Pavlov

Unified multimodal embeddings with geometric modality conditioning.

A single shared embedding matrix is transformed by modality-specific learned rotation matrices (parameterized via the Lie algebra so(d)). Cross-modal reconstruction forces the shared space to capture modality-invariant structure, inspired by Pavlovian associative conditioning.

Architecture

Encode:  Input_m ──> Encoder_m(x) ──> W ──> R_m^T ──> z_m (latent)
Decode:  z ──> W_dec ──> Decoder_m ──> Reconstruction

Same-modal:    z_v ──> W_dec ──> Decoder_v ──> Recon_v
Cross-modal:   z_v ──> W_dec ──> Decoder_a ──> CrossRecon_a  (vision → audio)

W: Shared encode projection (embed_dim -> latent_dim), learned jointly across modalities
W_dec: Shared decode projection (latent_dim -> embed_dim), separate learned layer
R_v, R_a: Modality-specific rotation matrices in SO(k), parameterized via skew-symmetric matrices in the Lie algebra so(k) and mapped to SO(k) via matrix exponential
Training objective: Same-modal reconstruction + cross-modal reconstruction + contrastive alignment + optional rotation orthogonality regularization

Datasets

Pavlov supports multiple audio-visual datasets of increasing difficulty.
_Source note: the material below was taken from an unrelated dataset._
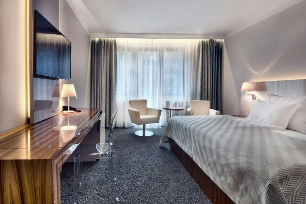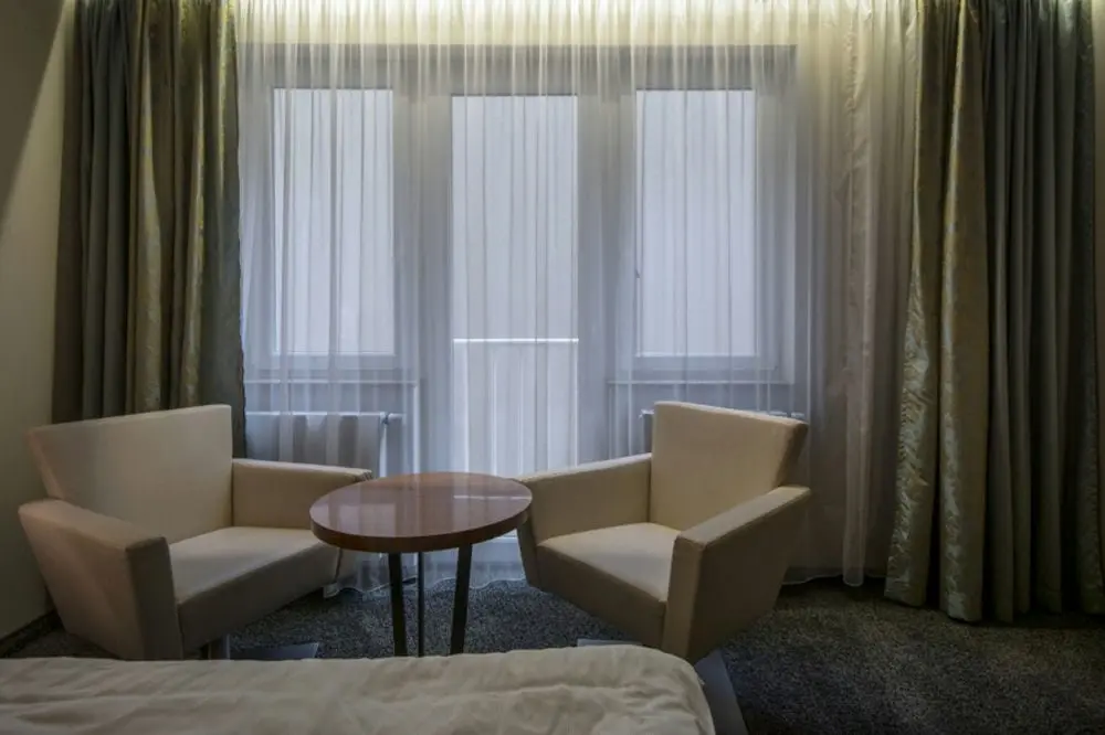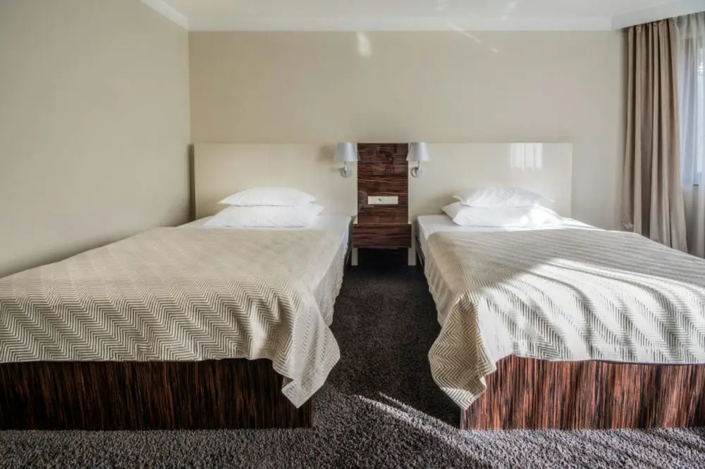 - Юниор Сьют - размер номера: 43 - 47 м2, вид: На улицу, парк или Карловарские Спа леса, мини-кухня, спальня отделенная от гостиной, кровать: две односпальные или одна двуспальная (2 кровати 200 х 100 см), возможность дополнительной кровати или детской кроватки. JUNIOR SUITE может быть соединен с LUX номером, чтобы получить большой CONNECT suite для 4 до 6 человек.

The dataset is selected via Hydra config.

Dataset	Classes	Samples	Vision Input	Audio Input	SOTA
AV-MNIST (default)	10 digits	~70K	1x28x28 grayscale (MNIST)	1x112x112 mel spectrogram (FSDD)	~99%
CREMA-D	6 emotions	~7.4K	1x64x64 grayscale (face frame)	1x112x112 mel spectrogram	~80%

AV-MNIST pairs handwritten digit images with spoken digit spectrograms from the Free Spoken Digit Dataset. It serves as the proof-of-concept benchmark.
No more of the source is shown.